По мере приближения к фронту быстро менялись ополченские знаменитости и авторитеты. В первые бестолковые дни, когда ополченцев поселили в казармы, и занятия не были налажены, и день заполнялся составлением и проверкой списков, суетливыми разговорами и хлопотами об увольнительных записках,— развязный, житейски умелый и ловкий Градусов заслонил собой всех.
С первого часа после записи в ополчение и прихода в казарму Градусов веско повторял:
— Я в роте долго болтаться не буду, откомандируюсь.

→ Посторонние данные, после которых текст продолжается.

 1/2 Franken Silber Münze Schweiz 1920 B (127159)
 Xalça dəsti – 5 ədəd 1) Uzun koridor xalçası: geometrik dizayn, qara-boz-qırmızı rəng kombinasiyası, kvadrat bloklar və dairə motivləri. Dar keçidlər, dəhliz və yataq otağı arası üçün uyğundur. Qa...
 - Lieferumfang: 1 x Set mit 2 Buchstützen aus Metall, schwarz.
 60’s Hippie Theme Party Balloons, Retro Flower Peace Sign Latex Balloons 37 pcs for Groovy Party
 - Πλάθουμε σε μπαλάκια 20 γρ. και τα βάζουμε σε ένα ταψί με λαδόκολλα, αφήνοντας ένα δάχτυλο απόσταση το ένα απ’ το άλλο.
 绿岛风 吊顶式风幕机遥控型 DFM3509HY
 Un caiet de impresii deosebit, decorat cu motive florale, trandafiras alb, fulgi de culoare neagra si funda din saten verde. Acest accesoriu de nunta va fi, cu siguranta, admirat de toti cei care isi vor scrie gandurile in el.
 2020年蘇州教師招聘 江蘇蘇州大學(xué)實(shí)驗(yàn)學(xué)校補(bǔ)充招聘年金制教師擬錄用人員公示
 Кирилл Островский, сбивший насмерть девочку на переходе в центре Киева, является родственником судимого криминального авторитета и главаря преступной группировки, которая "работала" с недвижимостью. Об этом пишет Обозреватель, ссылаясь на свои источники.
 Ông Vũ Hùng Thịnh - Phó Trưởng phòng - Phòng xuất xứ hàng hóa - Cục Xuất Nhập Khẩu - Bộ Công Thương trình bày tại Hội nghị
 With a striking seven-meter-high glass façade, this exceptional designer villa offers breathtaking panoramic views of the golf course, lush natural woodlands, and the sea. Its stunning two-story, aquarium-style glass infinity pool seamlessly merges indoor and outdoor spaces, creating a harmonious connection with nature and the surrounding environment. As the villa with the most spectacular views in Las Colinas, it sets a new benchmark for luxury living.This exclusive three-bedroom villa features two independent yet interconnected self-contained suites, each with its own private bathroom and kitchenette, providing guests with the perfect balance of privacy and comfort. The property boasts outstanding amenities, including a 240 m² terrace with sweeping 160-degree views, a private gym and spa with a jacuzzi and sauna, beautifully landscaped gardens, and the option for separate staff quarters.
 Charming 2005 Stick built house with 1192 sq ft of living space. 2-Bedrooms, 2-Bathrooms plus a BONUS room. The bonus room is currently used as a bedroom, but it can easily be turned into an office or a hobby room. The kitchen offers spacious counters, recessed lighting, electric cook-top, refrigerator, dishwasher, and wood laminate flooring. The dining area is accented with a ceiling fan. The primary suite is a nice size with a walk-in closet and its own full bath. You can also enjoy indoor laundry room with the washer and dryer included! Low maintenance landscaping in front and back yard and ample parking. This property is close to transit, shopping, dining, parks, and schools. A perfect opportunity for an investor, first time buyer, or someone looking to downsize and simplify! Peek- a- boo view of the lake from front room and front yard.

И, действительно, со спокойным умением он стал добиваться откомандирования из роты; знакомые у него оказались всюду — и в ополченском штабе, и в штабе округа, и в хозяйственной, и в санитарной части. Вероятно, он бы и добился перевода в хозяйственную или санитарную часть, если бы не упорство командира роты Крякина — тот не отпускал его, дважды писал объяснительную записку комиссару полка. Командир полка, хотевший взять разбитного Градусова порученцем, махнул рукой и сказал:
— Ладно, пусть остаётся в роте.
Градусов возненавидел ротного до того, что уже не думал ни о войне, ни о семье, ни о будущем. Он мог часами говорить и думать о Крякине, и когда Крякин перед строем раскрывал планшет, некогда подаренный ему Градусовым, у Градусова мутнели глаза.

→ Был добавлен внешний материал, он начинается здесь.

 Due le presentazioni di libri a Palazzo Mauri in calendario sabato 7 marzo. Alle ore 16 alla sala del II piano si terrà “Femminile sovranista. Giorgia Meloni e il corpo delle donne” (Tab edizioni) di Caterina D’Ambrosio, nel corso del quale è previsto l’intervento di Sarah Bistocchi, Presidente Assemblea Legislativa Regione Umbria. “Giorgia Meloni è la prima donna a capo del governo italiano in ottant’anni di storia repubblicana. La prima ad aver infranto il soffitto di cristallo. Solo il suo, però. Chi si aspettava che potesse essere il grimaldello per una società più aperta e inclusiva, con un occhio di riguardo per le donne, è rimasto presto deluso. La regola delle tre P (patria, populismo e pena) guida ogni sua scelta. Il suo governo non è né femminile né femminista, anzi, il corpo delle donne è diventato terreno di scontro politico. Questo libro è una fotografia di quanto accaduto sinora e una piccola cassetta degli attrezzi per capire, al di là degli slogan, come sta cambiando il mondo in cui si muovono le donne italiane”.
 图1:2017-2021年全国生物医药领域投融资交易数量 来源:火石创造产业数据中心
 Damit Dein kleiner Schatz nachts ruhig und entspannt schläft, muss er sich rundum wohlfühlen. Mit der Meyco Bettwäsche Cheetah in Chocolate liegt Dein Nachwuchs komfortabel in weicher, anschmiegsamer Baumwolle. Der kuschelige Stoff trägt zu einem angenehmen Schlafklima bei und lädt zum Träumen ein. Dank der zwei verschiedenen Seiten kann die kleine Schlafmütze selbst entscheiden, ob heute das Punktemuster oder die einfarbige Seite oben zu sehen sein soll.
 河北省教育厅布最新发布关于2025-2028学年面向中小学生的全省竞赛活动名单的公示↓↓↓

Градусов соединял в себе, казалось, несоединимые вещи. Он работал до последнего времени в областном жилищном строительном управлении и с гордостью рассказывал о своих успехах в работе, вспоминал о своих речах на заседаниях и общих собраниях и тут же любил рассказывать о том, как доставал костюм бостоновый, железо кровельное, шубу жене, он хвастал, как умно и выгодно жена, ездившая к родным в Саратов, продала помидоры со своего огорода, купила кремни для зажигалок и мануфактуру и, вернувшись, с выгодой продала эти дефицитные промтовары. И слушая Градусова, люди с насмешкой говорили: «Вот как некоторые жили, не то что мы с тобой». А сам Градусов, не понимавший насмешки, подтверждал:
— Да, были, что красиво жили.
После, когда началось военное обучение, когда дело дошло до изучения пулемёта и миномёта, до политбесед и ополченцы вкусили от суровой военной дисциплины, Градусов стушевался, и на первое место в роте вышел аспирант Механико-строительного института Ченцов.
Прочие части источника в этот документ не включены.